- ring (n.)
- Old English hring "circular band," from Proto-Germanic *khrengaz (cf. Old Norse hringr, Old Frisian hring, German Ring), literally "something curved," from PIE *skrengh- nasalized form of (s)kregh-, from root *(s)ker- "to turn, bend," with wide-ranging derivative senses (cf. Latin curvus "bent, curved," crispus "curly;" Old Church Slavonic kragu "circle," and perhaps Greek kirkos "ring," koronos "curved").

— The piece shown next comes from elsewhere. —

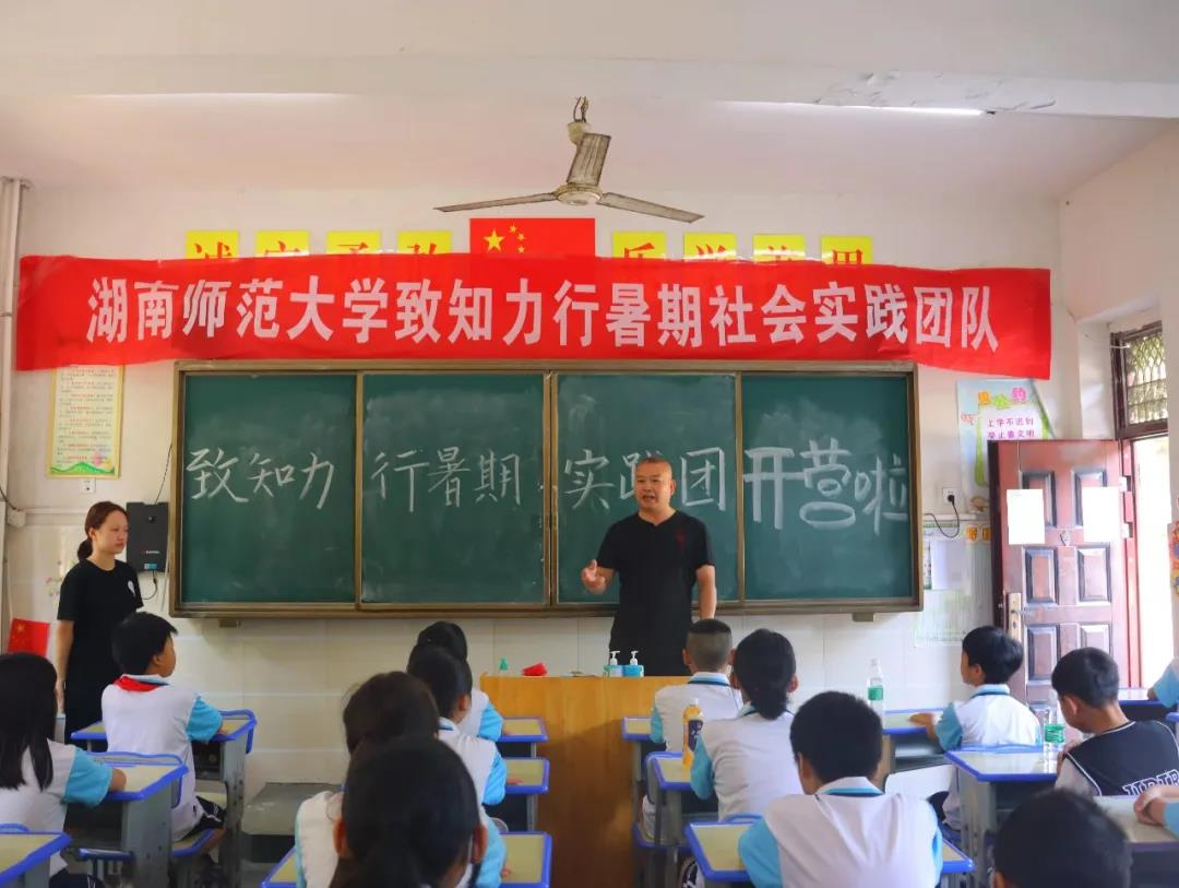 7月10日,William威廉官网致知力行暑期实践团于怀化市鹤城区湖天桥小学举办了致知力行集训营的开营仪式。

Meaning "place for prize fight and wrestling bouts" (early 14c.) is from the space in a circle of bystanders in which such contests were once held (ringside is attested from 1866). Meaning "combination of interested persons" is from 1829. Tree ring is from 1670s; fairy ring is from 1620s. Nursery rhyme ring a ring a rosie, is attested in an American form (with a different ending) from c.1790. "The belief that the rhyme originated with the Great Plague is now almost universal, but has no evidence to support it and is almost certainly nonsense" ["Oxford Dictionary of English Folklore"]. This connection only dates to the 1960s.
- ring (v.1)
- "sound a bell," Old English hringan, from Proto-Germanic *khrenganan (cf. Old Norse hringja, Swedish ringa, Middle Dutch ringen), probably of imitative origin. To give (someone) a ring "call on the telephone" was in use by 1910. To ring down a theatrical curtain is from 1772, from the custom of signaling for it by ringing a bell.
- ring (v.2)
- "make a circle around," Old English ymbhringan, from the root of ring (n.). Related: Ringed; ringing.